[Extracted information]

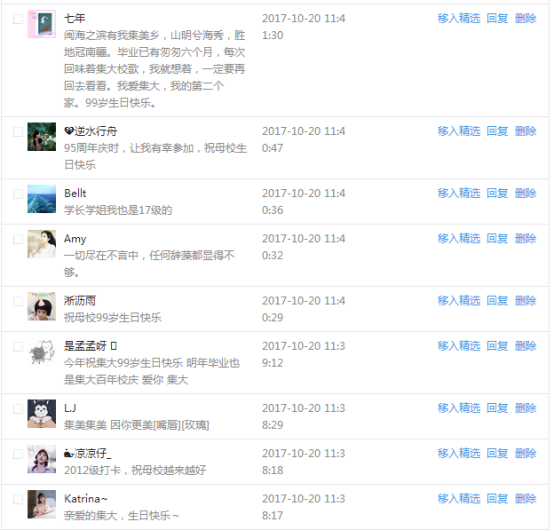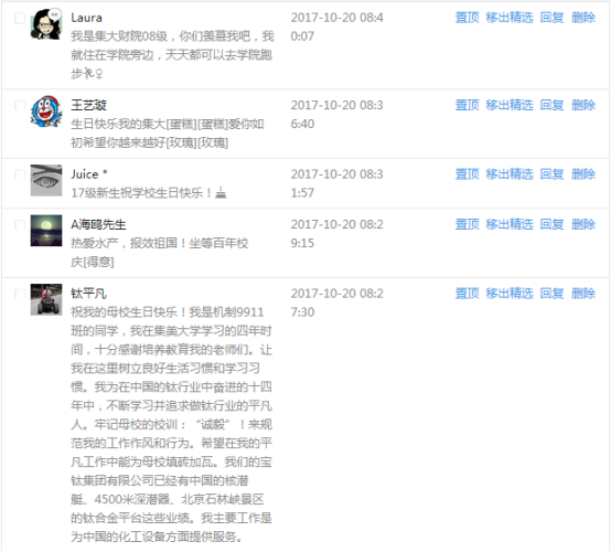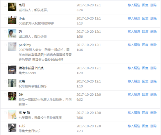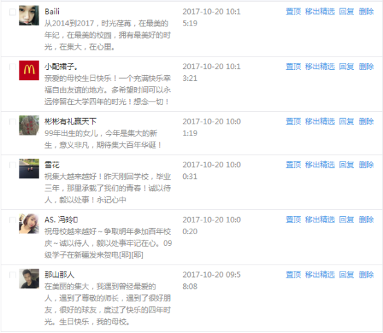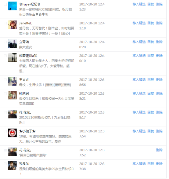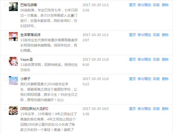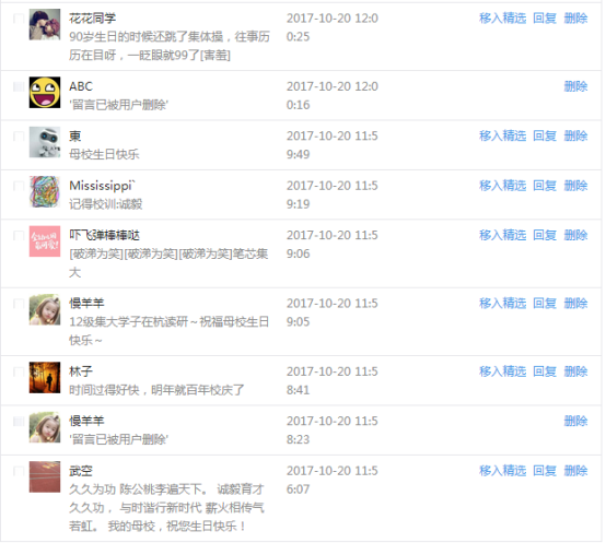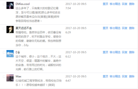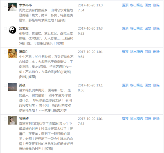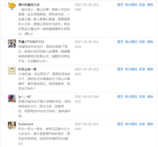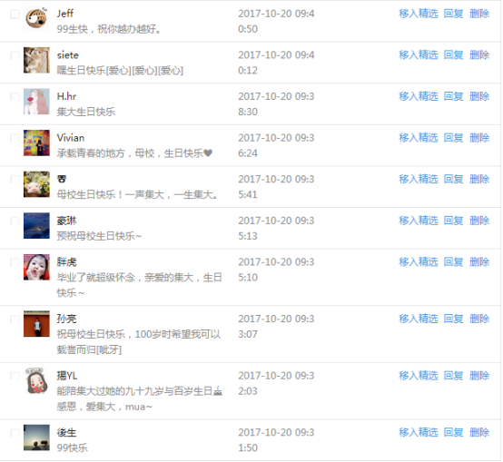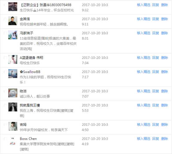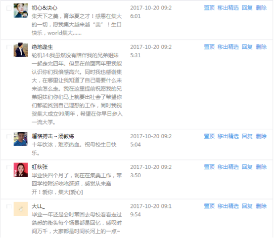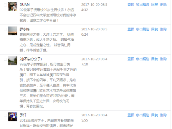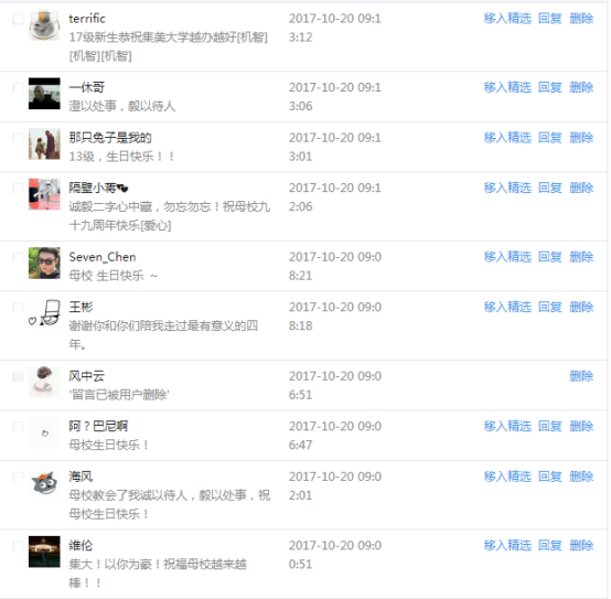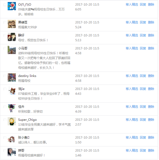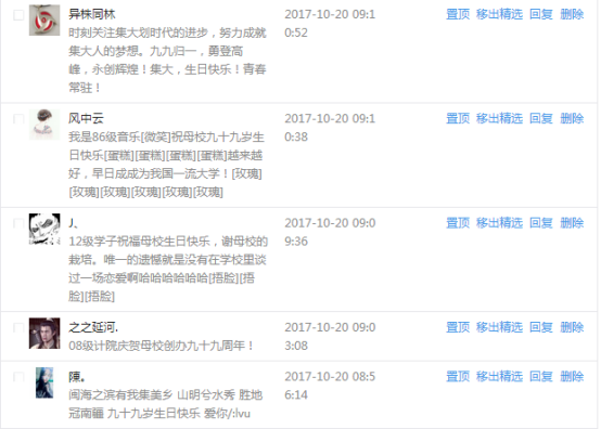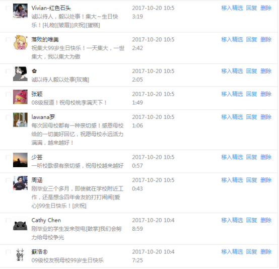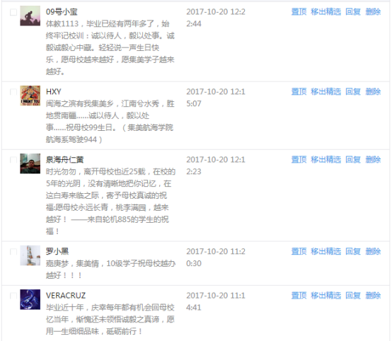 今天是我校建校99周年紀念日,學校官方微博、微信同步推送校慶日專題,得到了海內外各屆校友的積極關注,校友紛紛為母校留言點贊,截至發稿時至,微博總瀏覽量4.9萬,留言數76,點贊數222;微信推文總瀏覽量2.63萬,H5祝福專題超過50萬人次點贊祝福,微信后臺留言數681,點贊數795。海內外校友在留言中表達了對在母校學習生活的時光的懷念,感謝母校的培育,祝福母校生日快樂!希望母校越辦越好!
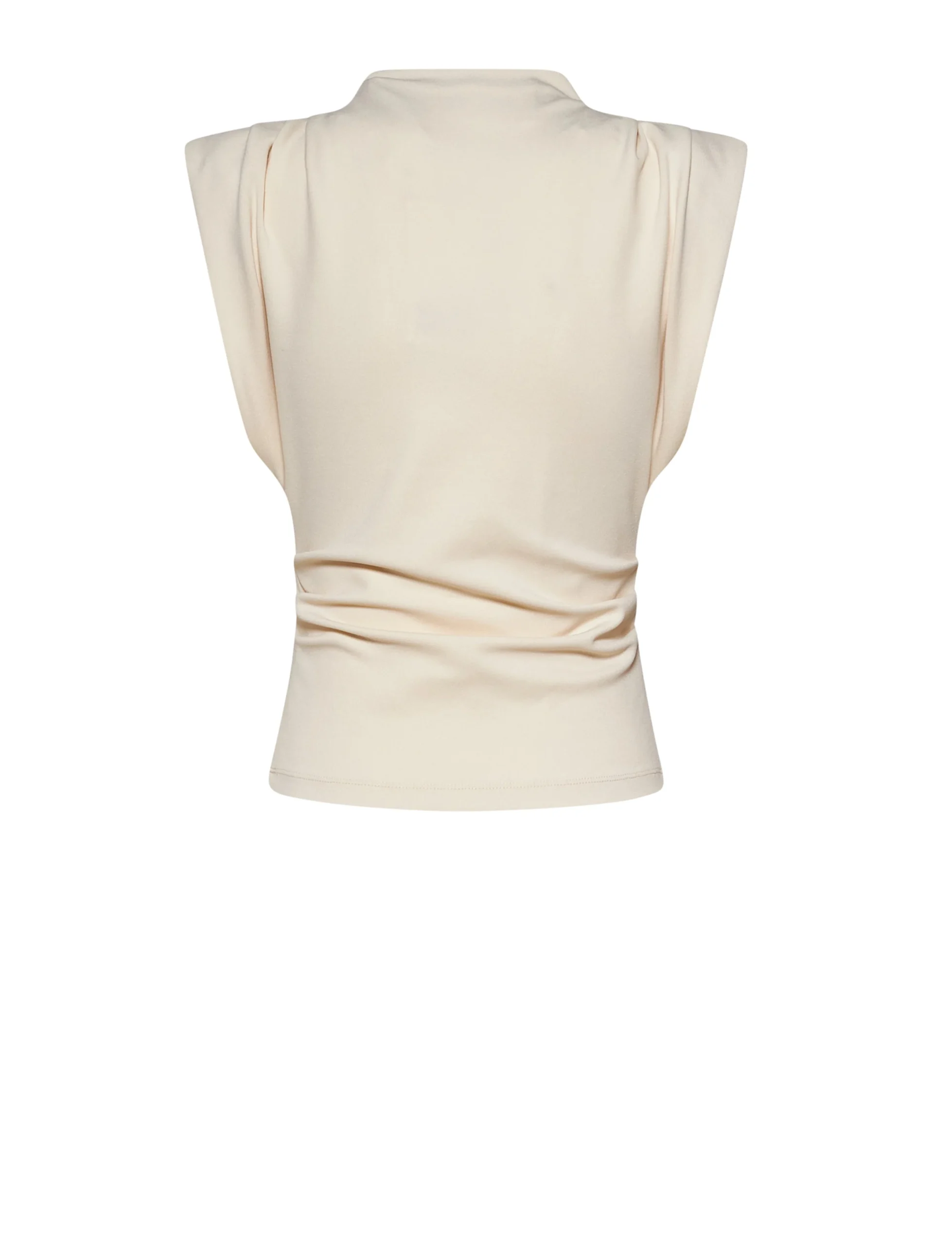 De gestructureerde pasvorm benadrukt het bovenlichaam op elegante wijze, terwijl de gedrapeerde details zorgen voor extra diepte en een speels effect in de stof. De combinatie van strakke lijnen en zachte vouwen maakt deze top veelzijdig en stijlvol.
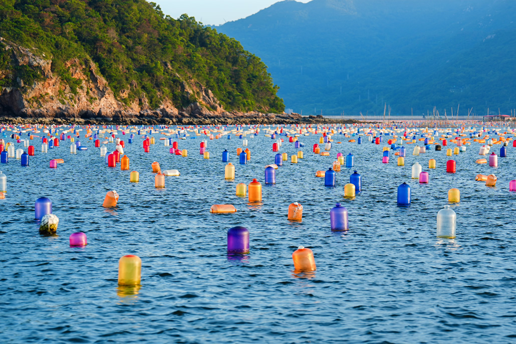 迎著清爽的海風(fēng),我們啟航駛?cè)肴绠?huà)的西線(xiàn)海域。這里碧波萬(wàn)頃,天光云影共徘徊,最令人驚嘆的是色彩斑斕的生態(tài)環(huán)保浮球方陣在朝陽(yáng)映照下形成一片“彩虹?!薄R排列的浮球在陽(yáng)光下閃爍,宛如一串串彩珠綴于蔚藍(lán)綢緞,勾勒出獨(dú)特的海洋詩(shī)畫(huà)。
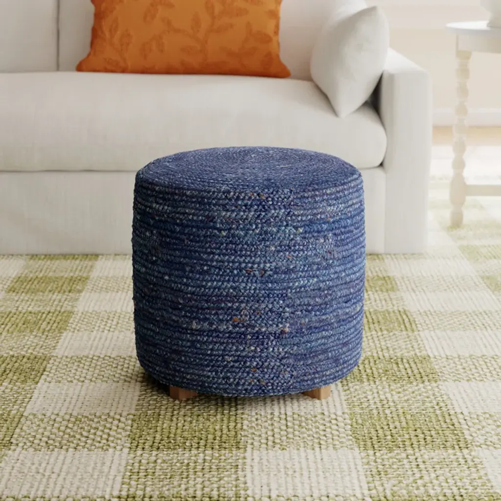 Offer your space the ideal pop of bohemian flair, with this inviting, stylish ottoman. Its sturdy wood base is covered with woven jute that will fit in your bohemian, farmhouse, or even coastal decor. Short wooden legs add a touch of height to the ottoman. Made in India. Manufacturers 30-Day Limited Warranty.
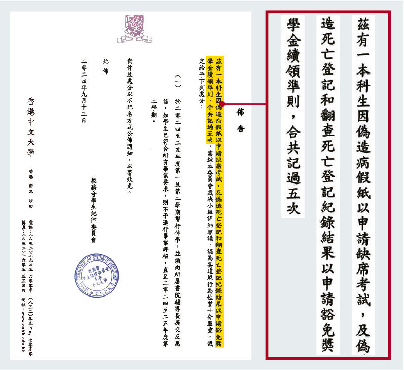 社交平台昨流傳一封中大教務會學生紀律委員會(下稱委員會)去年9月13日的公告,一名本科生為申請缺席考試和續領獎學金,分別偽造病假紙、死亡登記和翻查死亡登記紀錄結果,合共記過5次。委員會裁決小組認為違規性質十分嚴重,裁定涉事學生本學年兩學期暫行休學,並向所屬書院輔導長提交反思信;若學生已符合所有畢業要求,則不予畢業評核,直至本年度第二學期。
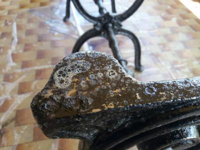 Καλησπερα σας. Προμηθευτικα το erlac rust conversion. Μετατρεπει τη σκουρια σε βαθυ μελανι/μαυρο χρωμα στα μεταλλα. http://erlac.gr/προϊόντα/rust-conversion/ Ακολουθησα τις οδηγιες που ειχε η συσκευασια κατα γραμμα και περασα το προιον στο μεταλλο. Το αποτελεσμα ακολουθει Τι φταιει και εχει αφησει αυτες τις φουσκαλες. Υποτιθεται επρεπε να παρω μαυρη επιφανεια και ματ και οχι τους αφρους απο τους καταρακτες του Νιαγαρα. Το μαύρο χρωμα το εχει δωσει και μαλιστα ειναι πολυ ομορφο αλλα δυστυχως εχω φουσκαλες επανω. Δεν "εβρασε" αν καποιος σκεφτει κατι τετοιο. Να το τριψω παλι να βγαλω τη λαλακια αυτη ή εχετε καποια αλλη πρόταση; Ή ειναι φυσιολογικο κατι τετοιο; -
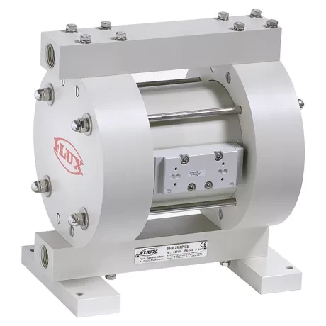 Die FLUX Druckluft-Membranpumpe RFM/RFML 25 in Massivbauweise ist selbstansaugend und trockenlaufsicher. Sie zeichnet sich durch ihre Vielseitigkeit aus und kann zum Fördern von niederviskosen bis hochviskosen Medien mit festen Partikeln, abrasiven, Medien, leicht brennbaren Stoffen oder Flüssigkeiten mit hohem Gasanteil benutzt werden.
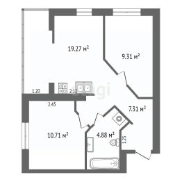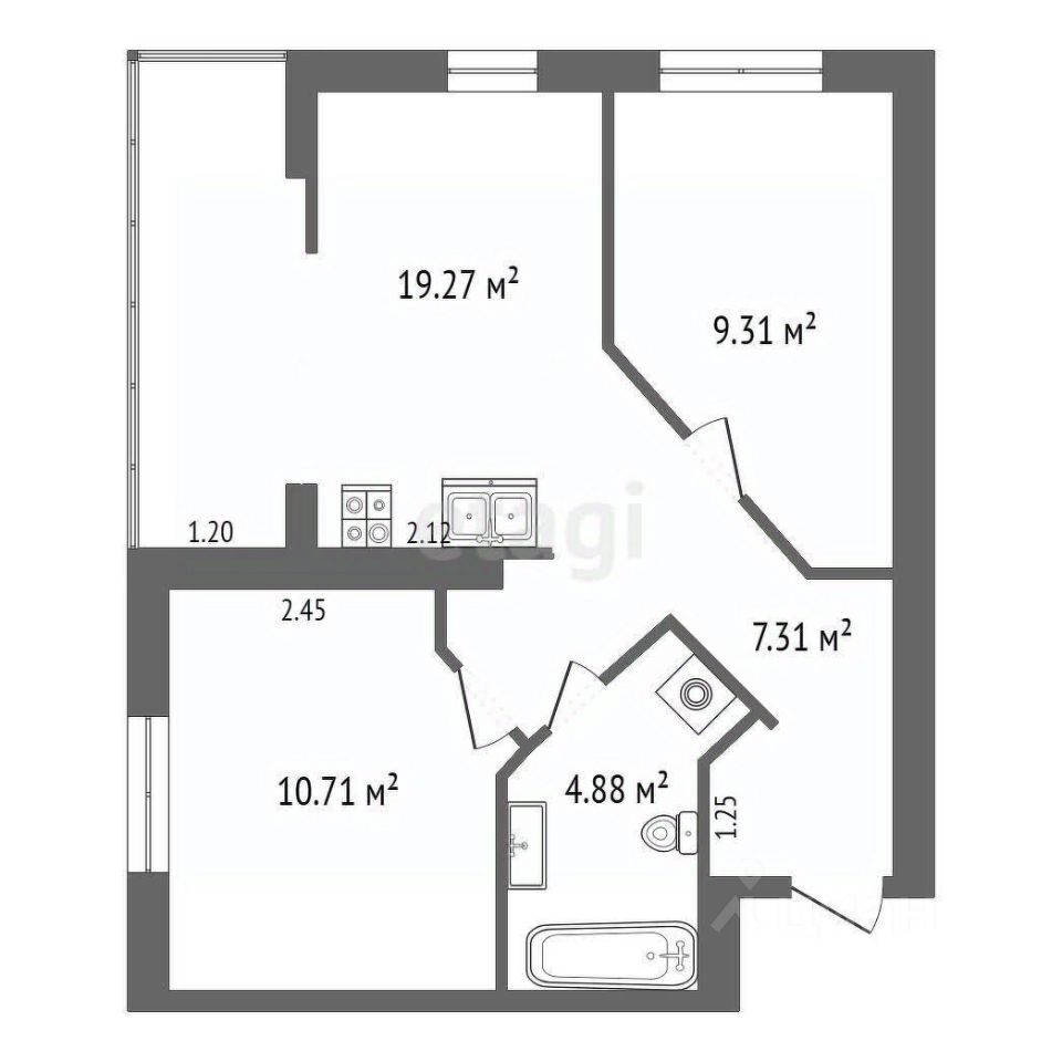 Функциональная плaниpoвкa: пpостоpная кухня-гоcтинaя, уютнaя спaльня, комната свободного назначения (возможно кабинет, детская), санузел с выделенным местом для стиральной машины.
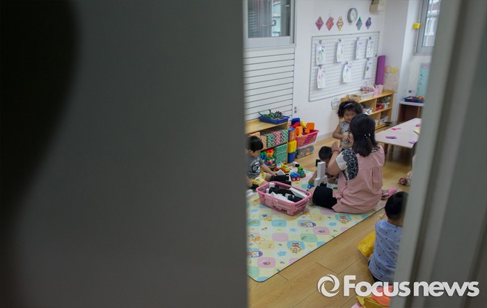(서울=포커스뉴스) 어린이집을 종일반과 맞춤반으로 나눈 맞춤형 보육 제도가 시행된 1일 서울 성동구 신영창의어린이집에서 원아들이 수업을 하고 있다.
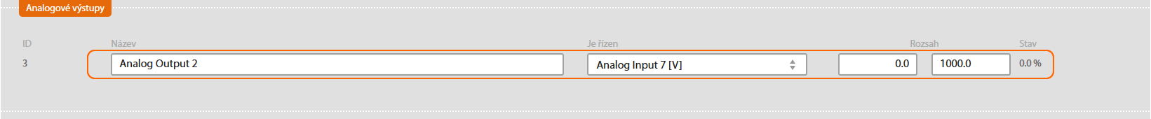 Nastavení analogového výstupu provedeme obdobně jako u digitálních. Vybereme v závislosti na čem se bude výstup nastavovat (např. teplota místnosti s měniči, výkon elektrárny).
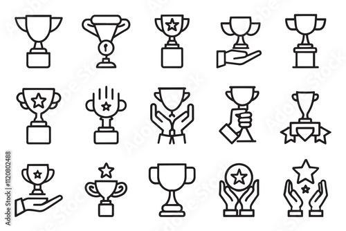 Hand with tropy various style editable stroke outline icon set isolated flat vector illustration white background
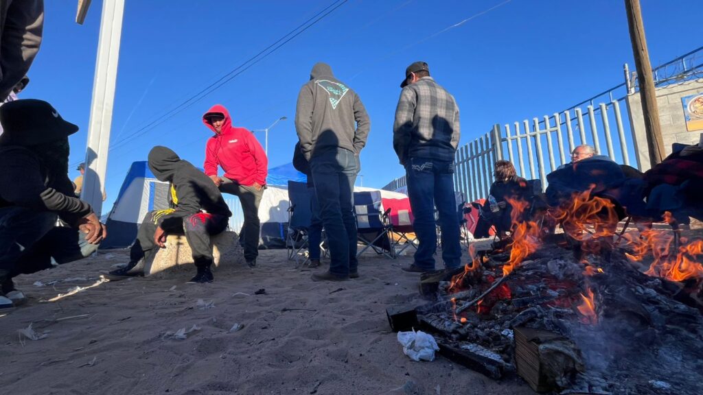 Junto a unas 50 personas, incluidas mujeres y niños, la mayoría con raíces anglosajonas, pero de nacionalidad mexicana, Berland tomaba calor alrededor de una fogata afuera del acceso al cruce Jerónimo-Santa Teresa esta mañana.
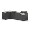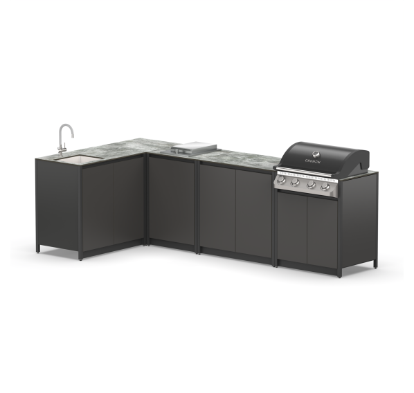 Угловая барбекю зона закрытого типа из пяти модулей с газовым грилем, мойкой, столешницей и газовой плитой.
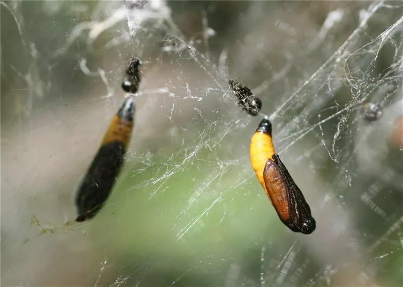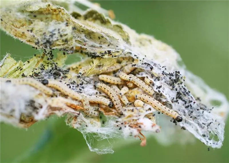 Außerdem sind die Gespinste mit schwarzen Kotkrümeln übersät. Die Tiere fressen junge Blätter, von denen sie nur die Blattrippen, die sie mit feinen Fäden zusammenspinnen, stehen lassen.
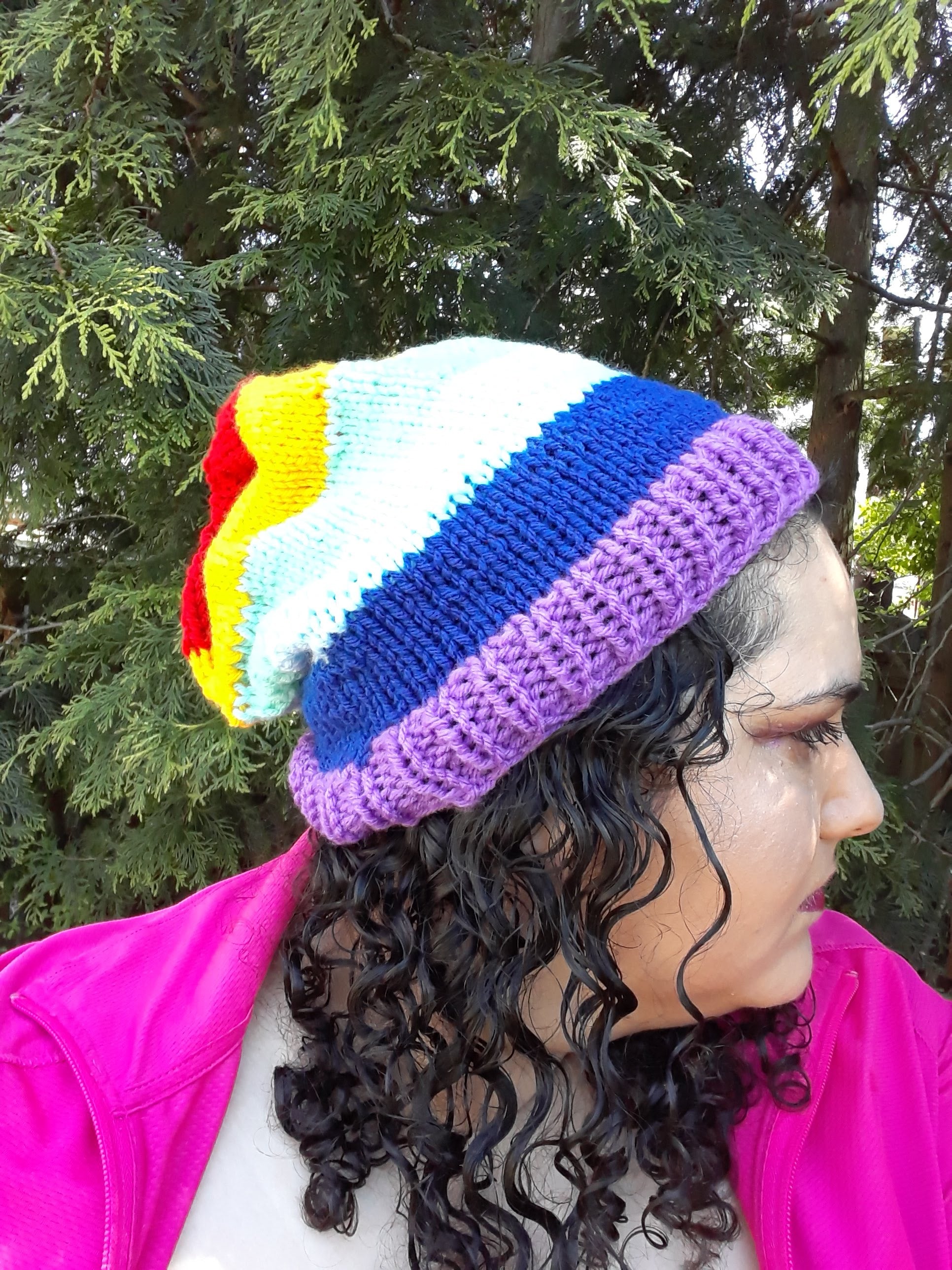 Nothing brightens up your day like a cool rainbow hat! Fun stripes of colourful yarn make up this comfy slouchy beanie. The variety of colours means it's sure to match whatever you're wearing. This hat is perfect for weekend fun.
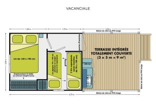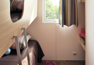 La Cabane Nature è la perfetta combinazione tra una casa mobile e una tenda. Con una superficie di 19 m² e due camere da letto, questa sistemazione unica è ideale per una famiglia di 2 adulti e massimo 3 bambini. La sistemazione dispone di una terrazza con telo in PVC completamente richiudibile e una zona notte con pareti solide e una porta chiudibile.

[/Extracted information]

### Exercise prompt
Copy the lines above exactly, starting at the one with "Hand with tropy" and ending at the one with "Nothing brightens up", both included. Leave out any pictures and add nothing else.

### Solution for this task
 Hand with tropy various style editable stroke outline icon set isolated flat vector illustration white background
 Junto a unas 50 personas, incluidas mujeres y niños, la mayoría con raíces anglosajonas, pero de nacionalidad mexicana, Berland tomaba calor alrededor de una fogata afuera del acceso al cruce Jerónimo-Santa Teresa esta mañana.
 Угловая барбекю зона закрытого типа из пяти модулей с газовым грилем, мойкой, столешницей и газовой плитой.
 Außerdem sind die Gespinste mit schwarzen Kotkrümeln übersät. Die Tiere fressen junge Blätter, von denen sie nur die Blattrippen, die sie mit feinen Fäden zusammenspinnen, stehen lassen.
 Nothing brightens up your day like a cool rainbow hat! Fun stripes of colourful yarn make up this comfy slouchy beanie. The variety of colours means it's sure to match whatever you're wearing. This hat is perfect for weekend fun.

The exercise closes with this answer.